蝶を桜と覚えてしまったようだが、ひらひらと舞う姿をずっと見つめていた。

何か桜に想いがあるのだろうか…
ここに来る前のユキのことはわからない。
アイツとの想い出でもあるのかもしれない。

偶然だが蝶がユキの髪に停まる。

サ…サ…

見えなくなってしまった蝶を探しているようだ。

「ユキの髪に停まって休憩してるよ。
簪(かんざし)みたいだな。
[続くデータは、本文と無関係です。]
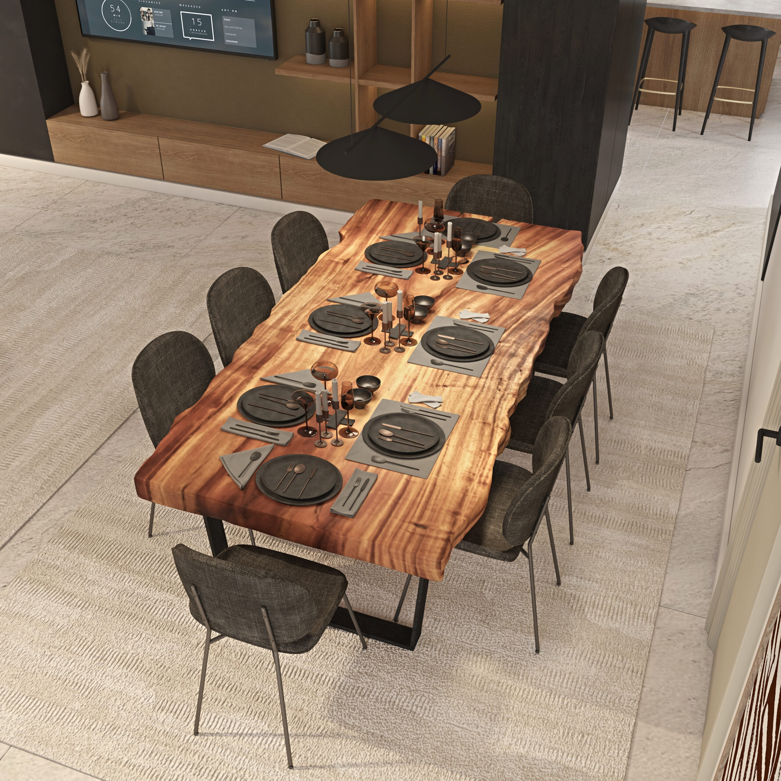 The wood blended with black creates depth, contrast, and visual sophistication while maintaining a clean and cohesive atmosphere.

綺麗だ。」

サ…サ…

ユキは蝶が髪に停まっていることに気づかず、理解できていないようだった。

しばらく温室で遊び庭に出る。
契約期間が来たことを皆知っていて、最後にもう一度と狙っているのだ。

「乗馬をしてくるから、ユキと遊んでやってくれ。」

庭師たちに声をかけ、ユキを好きにさせた。

馬場から戻ってくれば、何人もの男を相手にしていたが、名を呼べば俺についてくる。

ガラス扉から入れば、いつものようにメイドたちが足を洗ってくれた。

「ユキ様がずっとここにいてくださればいいのに…」

ユキの足洗い専属となっていたメイドが言った。

だがユキはこれといった反応は示さず廊下に上がった。